Reputation: 121
I would like to conditionally check in a pandas dataframe if a string value contains some other string values, defined as a regex. The string values to check for change per row, and right now are stored in a series, with the formats displayed below:
df = pd.DataFrame(["a", "a", "b", "c", "de", "de"], columns=["Value"])
df:
| Index | Value |
| 0 | "a" |
| 1 | "a" |
| 2 | "b" |
| 3 | "c" |
| 4 | "de" |
| 5 | "de" |
series = pd.Series(["a|b|c", "a", "d|e", "c", "c|a", "f|e"])
Series with contains regex per row:
| Index | Value |
| 0 | "a|b|c" |
| 1 | "a" |
| 2 | "d|e" |
| 3 | "c" |
| 4 | "c|a" |
| 5 | "f|e" |
Expected output of contains:
[True, True, False, True, False, True]
If I were doing an .isin() and only needed to check for an exact match of some values, I could simply do the following:
Series with isin list per row:
| Index | Value |
| 0 | [a, b] |
| 1 | [a] |
| 2 | [d, e] |
| 3 | [c] |
| 4 | [c, a] |
| 5 | [d, e] |
dataframe["value"].isin(series)
since each row would be mapped to the right list to check by index by default
However, I need to check whether any of those values are contained, they do not need to be an exact match, so I need to use contains. I keep getting a "Series is not hashable" error when trying to do this:
dataframe["value"].str.lower().str.contains(series)
And I am not sure how could I make the contains function map to the actual regex to check per row.
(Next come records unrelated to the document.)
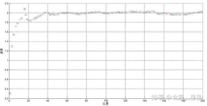 %卡尔曼滤波(小车[速度,位置]例子)观测数据多 clc,clear,close all %% 传感器观测 %-------------------------------------------------------------------------- %Z = H * X + v %X为t-1时刻实际状态 %Z为t-1时刻实际观测数据 %H为测量系统的参数,即观察矩阵 %v为观测噪声,其协方差矩阵为R %-------------------------------------------------------------------------- Z=(1:2:200); %理想观测值 (汽车的位置,也就是我们要修改的量),设定变化是1:2:200,则速度就是2 noise=randn(1,100); %在理想观测值上叠加方差为1的高斯噪声 Z=Z+noise;%模拟的实际观测值 H=[1,0];%传感器提供的观测矩阵 R=1;%传感器的观测噪声协方差矩阵 %% 初始状态(均值)和状态协方差 %基于高斯分布建立状态变量需要均值和协方差(即X和P) X=[0;0]; %初始状态 X=[位置;速度] P=[1 0;0 1]; %状态协方差矩阵 %% 状态转移矩阵(表示如何由上一状态推测当前状态),它同时作用与X和P来预测下一时刻的X和P F=[1 1;0 1]; %在速度例题中为[1 delta(t);0 1] %% 外部干扰用状态转移协方差矩阵Q表示 Q=[0.0001,0;0 , 0.0001]; %% 卡尔曼滤波 figure; hold on; for i = 1:length(Z) %迭代次数 %% 预测 X_ = F*X;%基于上一状态预测当前状态 X_为t时刻状态预测(这里没有控制) P_ = F*P*F'+Q;%更新协方差 Q系统过程的协方差 %% 计算卡尔曼增益 K = P_*H'/(H*P_*H'+R); %% 更新 X = X_+K*(Z(i)-H*X_);% 得到当前状态的最优化估算值 增益乘以残差 P = (eye(2)-K*H)*P_;%更新K状态的协方差 %% 绘图 set(0,'defaultfigurecolor','w') scatter(X(1),X(2)); xlabel('位置'),ylabel('速度') grid on %在代码中,我们设定x的变化是1:2:200,则速度就是2 %由上图看到,值经过几次迭代,速度就基本上在 2 附近摆动,摆动的原因是我们加入了噪声。 end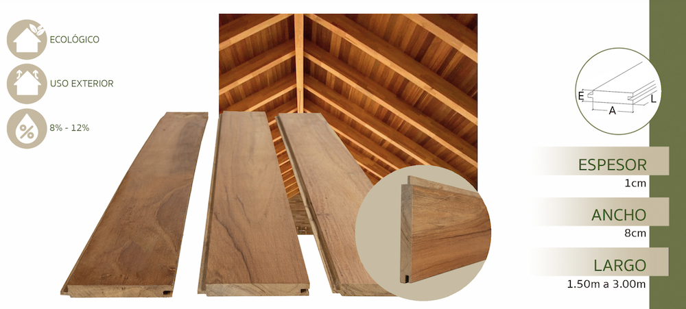 La tablilla en teca para techo aporta un acabado cálido, uniforme y resistente en cualquier ambiente interior. Su estabilidad frente a la humedad y su tonalidad dorada la convierten en una opción premium para quienes buscan belleza natural sin sacrificar durabilidad. Ideal para proyectos residenciales o comerciales que valoran materiales nobles con excelente comportamiento técnico.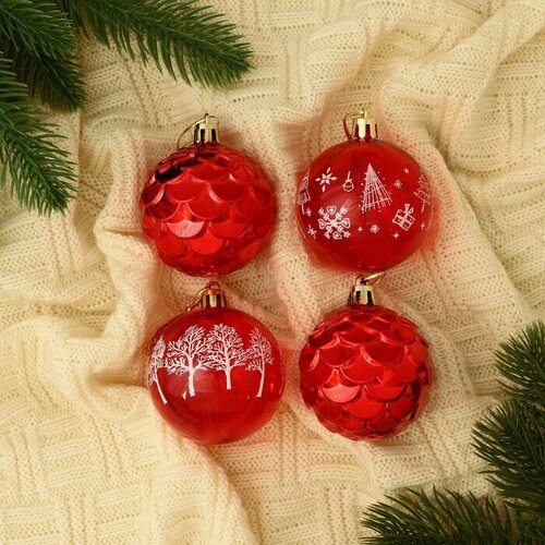Набор шаров пластик d-5,5 см, 4 шт Новогодние забавы шишки геометрия, красный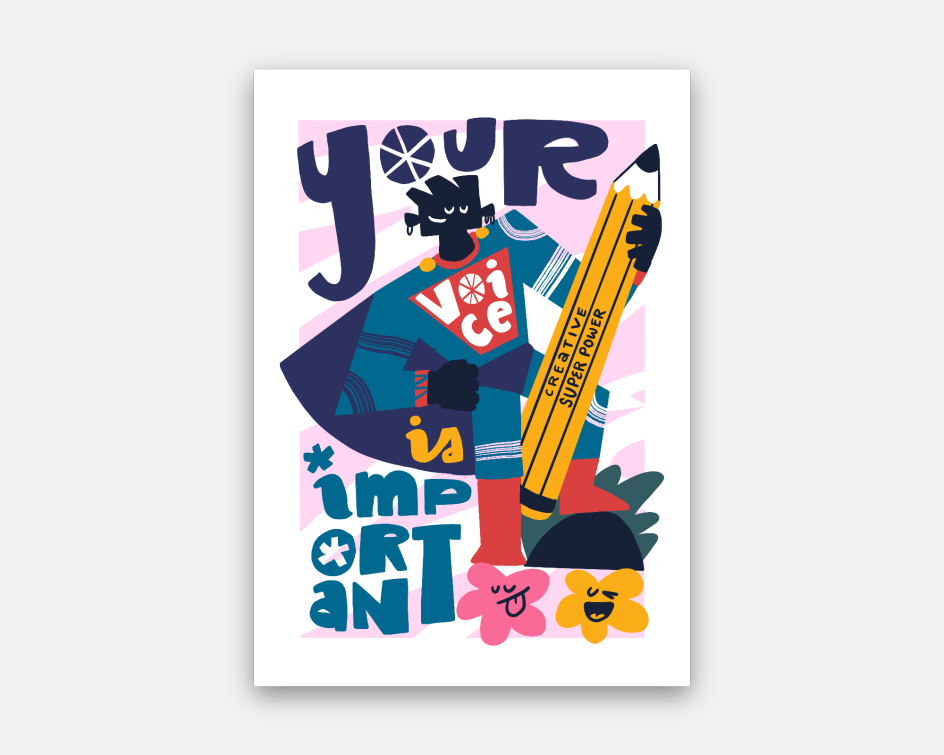 Ashwin Chacko's joyful work is full of bold lines and shapes with characters intermingled with hand-lettered positive messages and vibrant patterns, often tackling serious topics in a lighthearted, humorous way.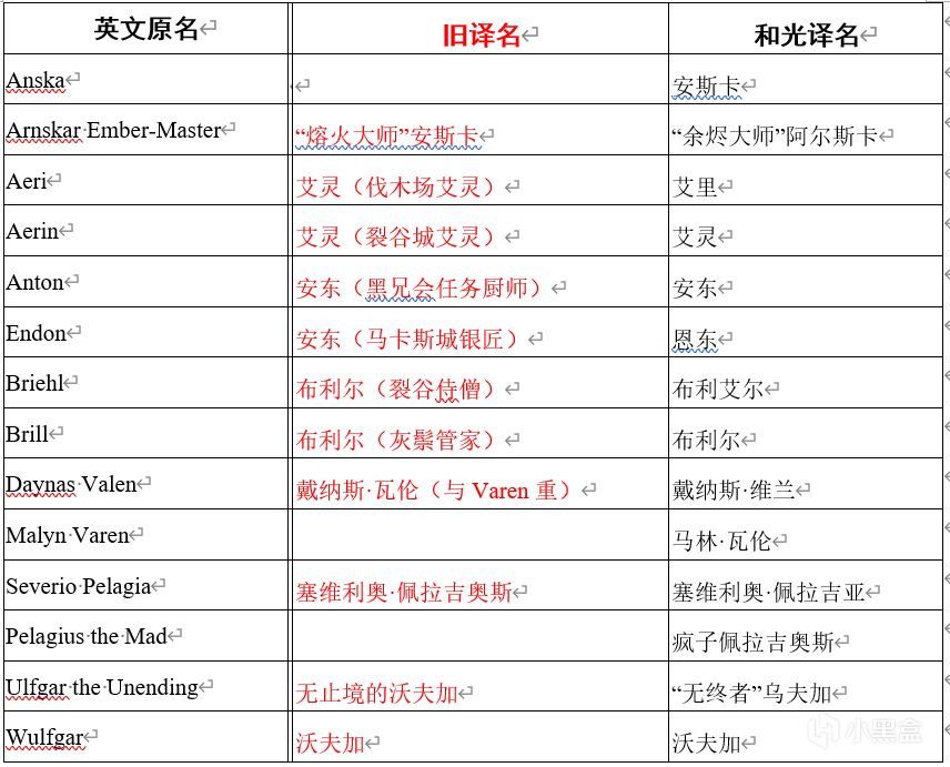 原有各版汉化或多或少都有存在不同NPC因读音相近而导致翻译时翻译为同名的情况。我们在汉化过程中参考了其他汉化时发现了这一问题。其中skyrim中重名者有二十人左右。部分名称及改动结果如下: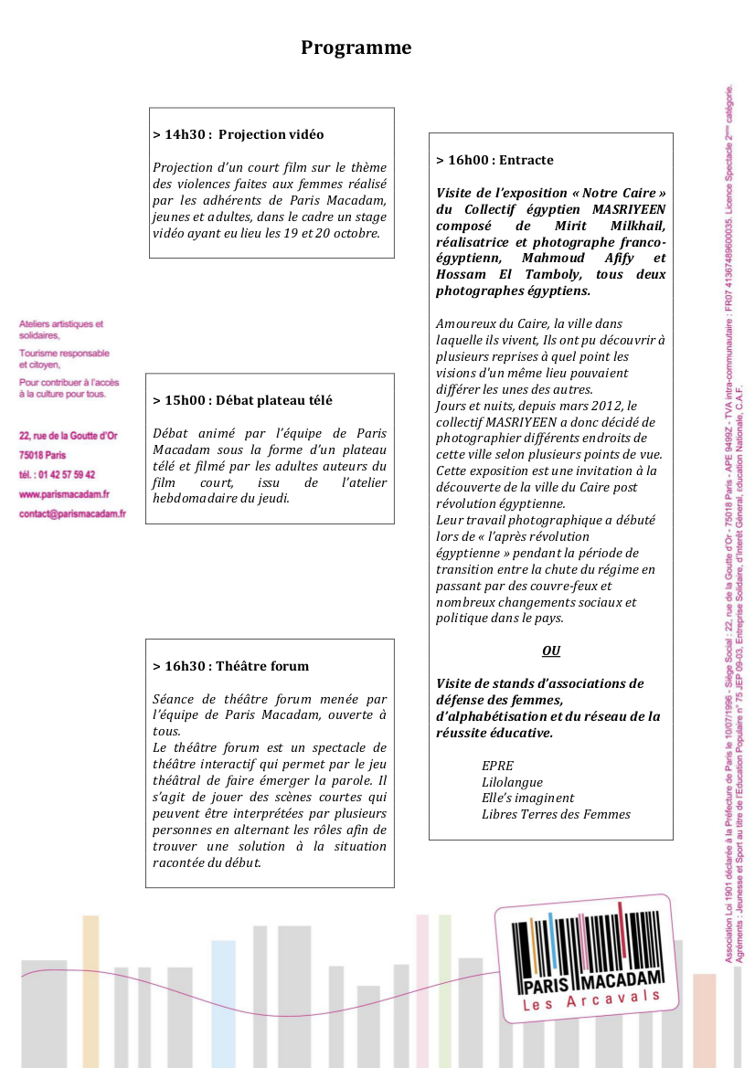 Paris Macadam met en place des ateliers participatif dans le cadre de la Journée de lutte contre les violences faites aux femmes, le mercredi 25 novembre.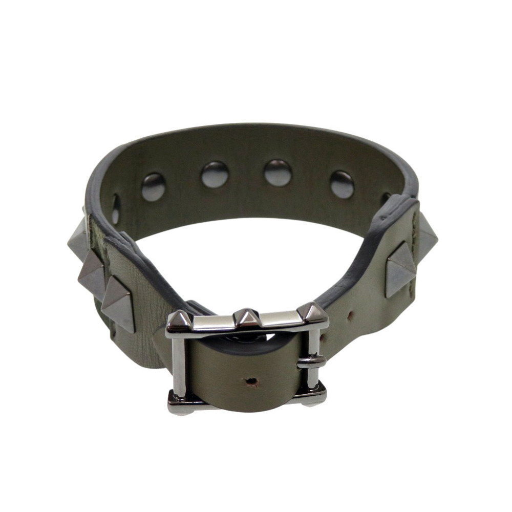 新品同様 ヴァレンティノ ガラヴァーニ スタッズ ブレスレット カモフラージュ 迷彩 レザー カーキ 1064 Valentino Garavani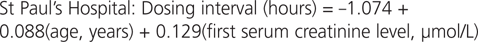 The nomogram developed from these data depicts dosing intervals in hours rounded to standard dosing times (Table 2). If the predicted interval fell between 2 standard dosing intervals, a range is presented. As illustrated in the nomogram, dosing interval increased with increasing age and increasing serum creatinine.

I would like to avoid lambdas and apply as much as possible, since I am processing a big dataset and I need execution to be as performant as possible
Thanks for the help,
Upvotes: 1
Views: 170
Reputation: 261914
You need to use a loop/list comprehension here:
import re
out = [bool(re.search(pat, s)) for pat, s in zip(series, df['Value'])]
# or as new column in df:
# df['new'] = [bool(re.search(pat, s)) for pat, s in zip(series, df['Value'])]
output: [True, True, False, True, False, True]
Upvotes: 1